Articles 2697 and 2723 regulate the consequences of destruction of the leased premises by an unforeseen event or by fire. If the premises are totally destroyed, the lease is at an end. If the premises are partially destroyed, the lessee may either demand a diminution in rent or revocation of the lease. Article 2697. A lessee can only be liable for destruction occasioned by fire when caused by the lessee's fault or neglect. Article 2723.
As correctly noted in the majority opinion, the Civil Code articles are not applicable where there are express provisions in the lease. Here, the lease contains provisions relating to repairs generally, to major fire damage, and to maintenance of fire insurance; thus, the Code articles are not applicable. But the provisions are unclear and ambiguous, requiring interpretation.
[1] These provisions were taken from the lease. The sublease differs, but for purposes of this discussion, not materially.

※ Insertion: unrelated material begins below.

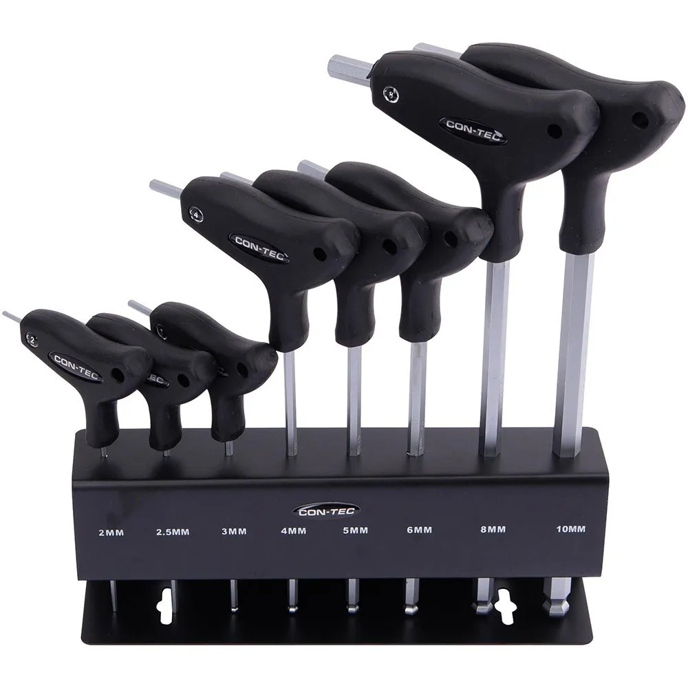 Sem a ferramenta certa, o ciclista terá dificuldades. Com o conjunto de chaves Allen de 8 peças da CONTEC, os ciclistas profissionais e amadores estão sempre equipados de forma ideal. As chaves sextavadas incluídas são caracterizadas por um design ergonômico, que permite uma ótima aderência e suporte em cada passo. As chaves individuais podem ser usadas como chaves em T com uma cabeça esférica na extremidade inferior do torque e como chaves em L para alto torque de aperto. Um suporte de parede prático também está incluído.

[2] The five (5) elements of unjust enrichment as applied herein are 1) an enrichment on the part of the lessor; 2) an impoverishment on the part of the sublessee; 3) a causal relationship between the enrichment and the impoverishment; 4) an absence of justification or cause for the enrichment or impoverishment; and 5) no other remedy at law. Minyard v. Curtis Products, Inc., 205 So. 2d 422, 432 (La.1967).